◆ **YOUR TASK**
The reply is to contain the full listing, repeated exactly, with pictures left out.
[DATA SHOWN Boundary: Start]
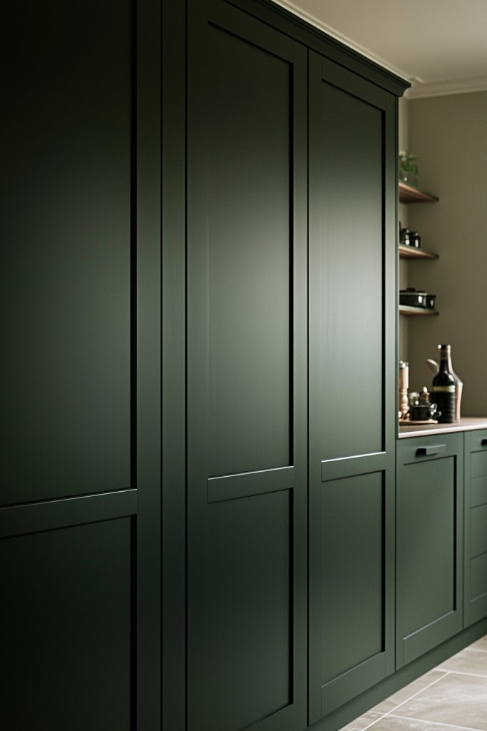 Picture tall, dark green pantry cabinets that stretch from floor to ceiling, with no visible handles or hardware. The seamless surface creates a clean, uninterrupted wall of storage. Inside, cleverly designed shelves and pull-out drawers keep everything in order. The dark color adds depth, while concealed mechanisms make the entire setup look sleek and modern. It’s like a hidden treasure chest for your kitchen.
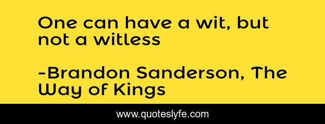 This page presents the quote "One can have a wit, but not a witless". Author of this quote is Brandon Sanderson, The Way of Kings. This quote is about wit, humor,.
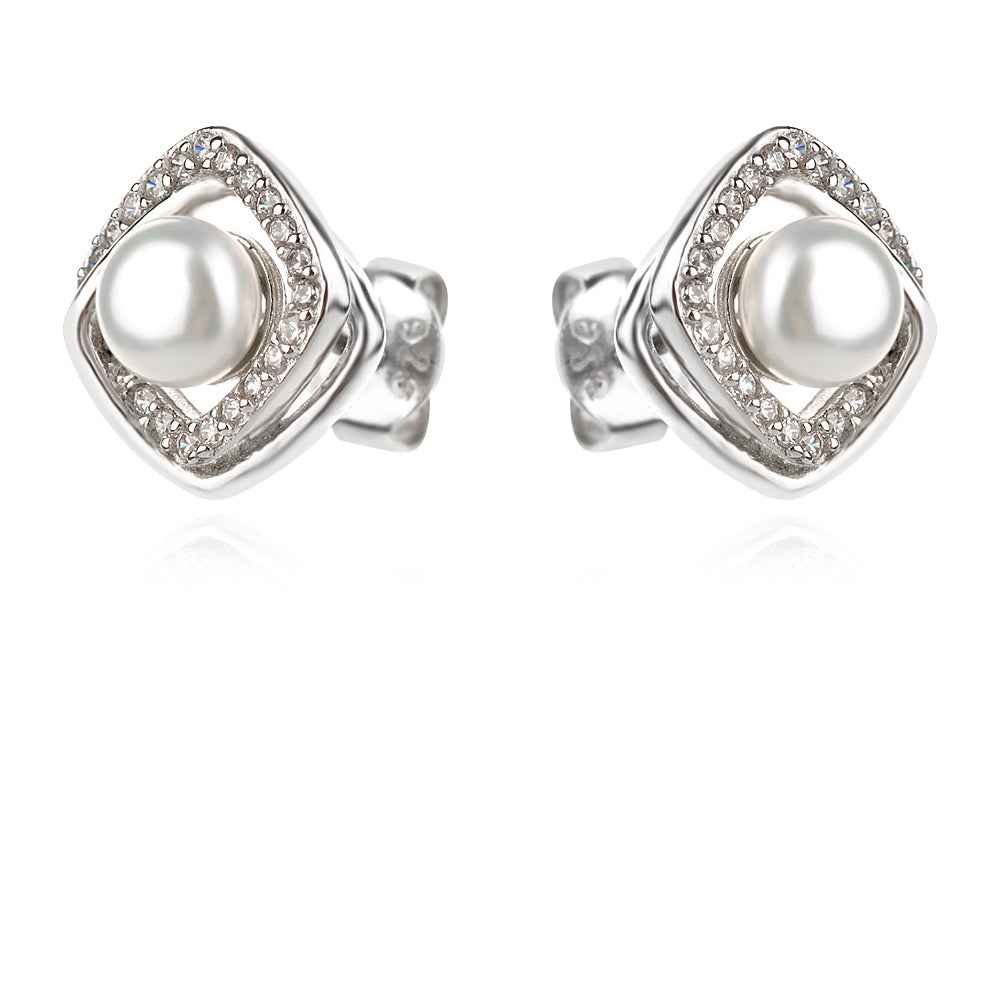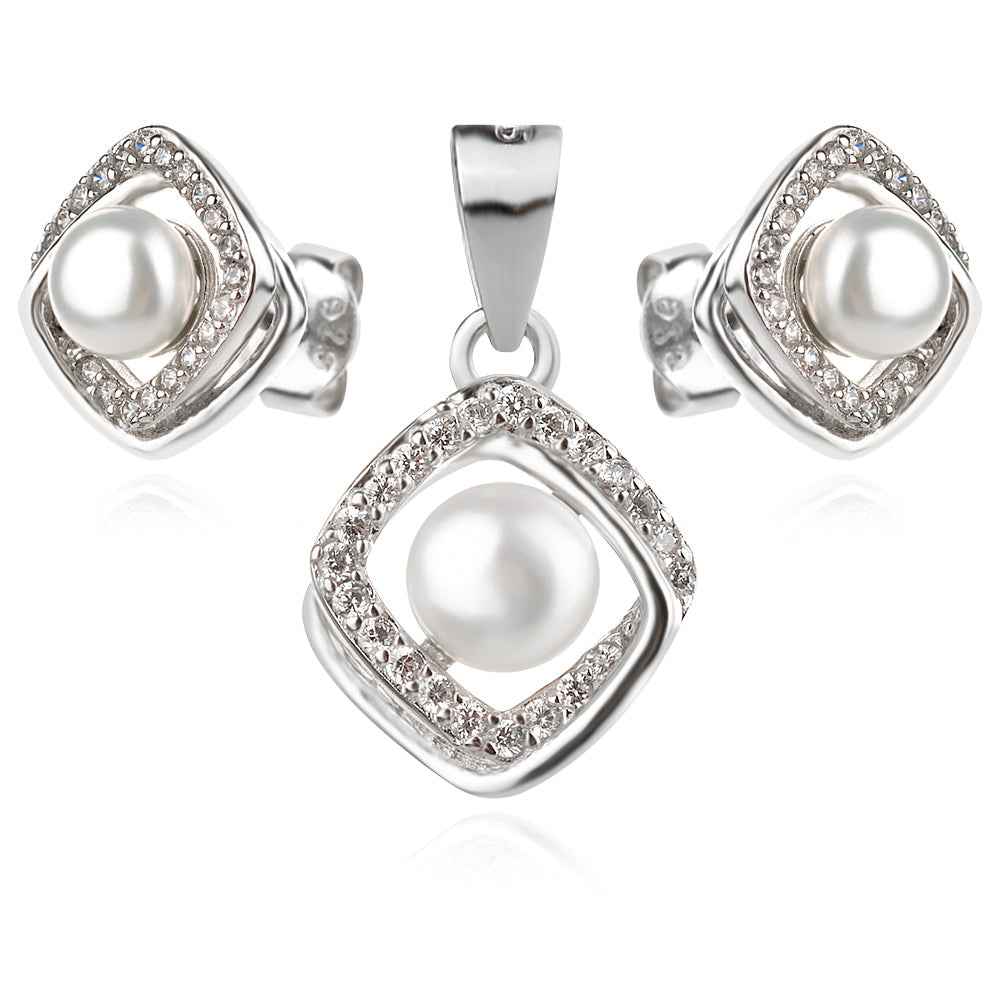 Сребърен комплект от обеци и медальон с бели перли и цирконии- фин щрих, с който да внесете нежност и сияние във визията. Прецизно изработен и с деликатен блясък и размер, сетът е подходящо допълнение за вашите специални моменти. Обеците се закопчават на щифт.
[DATA SHOWN Boundary: End]
◆ **TASK SOLUTION**
 Picture tall, dark green pantry cabinets that stretch from floor to ceiling, with no visible handles or hardware. The seamless surface creates a clean, uninterrupted wall of storage. Inside, cleverly designed shelves and pull-out drawers keep everything in order. The dark color adds depth, while concealed mechanisms make the entire setup look sleek and modern. It’s like a hidden treasure chest for your kitchen.
 This page presents the quote "One can have a wit, but not a witless". Author of this quote is Brandon Sanderson, The Way of Kings. This quote is about wit, humor,.
 Сребърен комплект от обеци и медальон с бели перли и цирконии- фин щрих, с който да внесете нежност и сияние във визията. Прецизно изработен и с деликатен блясък и размер, сетът е подходящо допълнение за вашите специални моменти. Обеците се закопчават на щифт.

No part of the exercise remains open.